◆ WHAT NEEDS TO BE DONE: Without any pictures, reproduce exactly the lines running from the line containing "NEW UPGRADED SS" through the end of the entries.

◆ INFORMATION SUPPLIED:

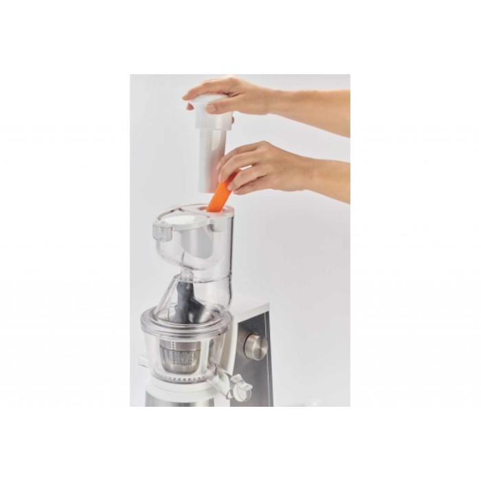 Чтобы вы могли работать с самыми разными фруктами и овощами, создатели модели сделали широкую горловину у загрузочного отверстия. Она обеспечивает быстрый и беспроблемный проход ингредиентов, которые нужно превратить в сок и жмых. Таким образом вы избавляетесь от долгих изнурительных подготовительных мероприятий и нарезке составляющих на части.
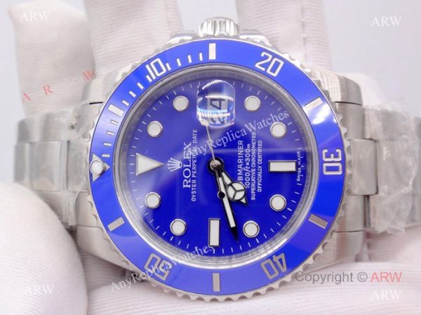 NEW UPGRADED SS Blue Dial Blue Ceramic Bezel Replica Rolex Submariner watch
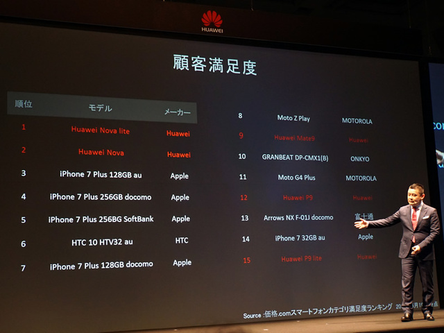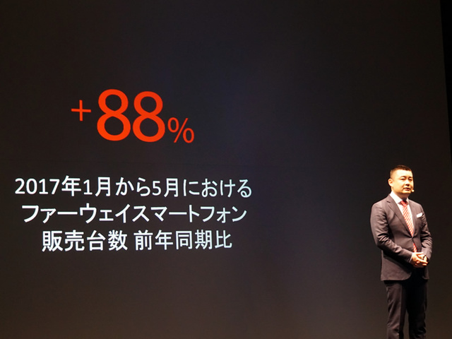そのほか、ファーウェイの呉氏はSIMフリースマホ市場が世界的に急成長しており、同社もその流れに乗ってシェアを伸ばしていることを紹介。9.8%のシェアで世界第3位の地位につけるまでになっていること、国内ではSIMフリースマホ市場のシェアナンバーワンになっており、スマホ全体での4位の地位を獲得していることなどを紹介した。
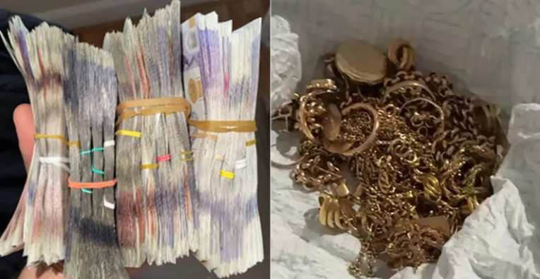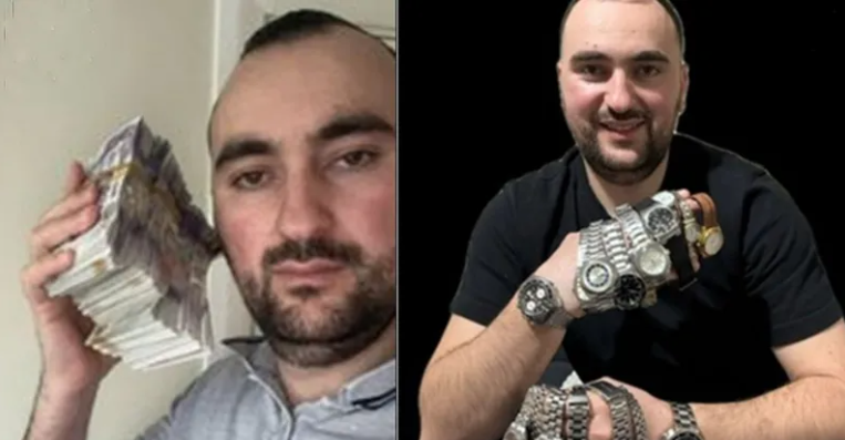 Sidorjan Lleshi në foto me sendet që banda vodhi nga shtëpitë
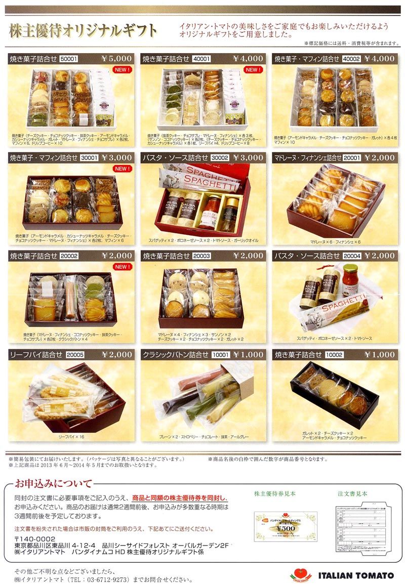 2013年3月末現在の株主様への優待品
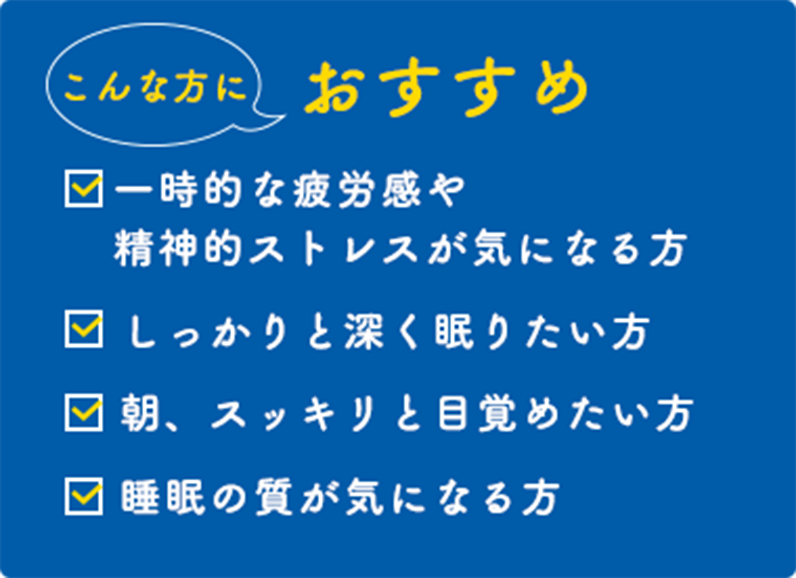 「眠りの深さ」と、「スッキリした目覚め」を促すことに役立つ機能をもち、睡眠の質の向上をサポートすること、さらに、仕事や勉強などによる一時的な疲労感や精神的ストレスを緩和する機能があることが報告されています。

◆ OUTPUT OF THE EXERCISE:
 NEW UPGRADED SS Blue Dial Blue Ceramic Bezel Replica Rolex Submariner watch
そのほか、ファーウェイの呉氏はSIMフリースマホ市場が世界的に急成長しており、同社もその流れに乗ってシェアを伸ばしていることを紹介。9.8%のシェアで世界第3位の地位につけるまでになっていること、国内ではSIMフリースマホ市場のシェアナンバーワンになっており、スマホ全体での4位の地位を獲得していることなどを紹介した。
 Sidorjan Lleshi në foto me sendet që banda vodhi nga shtëpitë
 2013年3月末現在の株主様への優待品
 「眠りの深さ」と、「スッキリした目覚め」を促すことに役立つ機能をもち、睡眠の質の向上をサポートすること、さらに、仕事や勉強などによる一時的な疲労感や精神的ストレスを緩和する機能があることが報告されています。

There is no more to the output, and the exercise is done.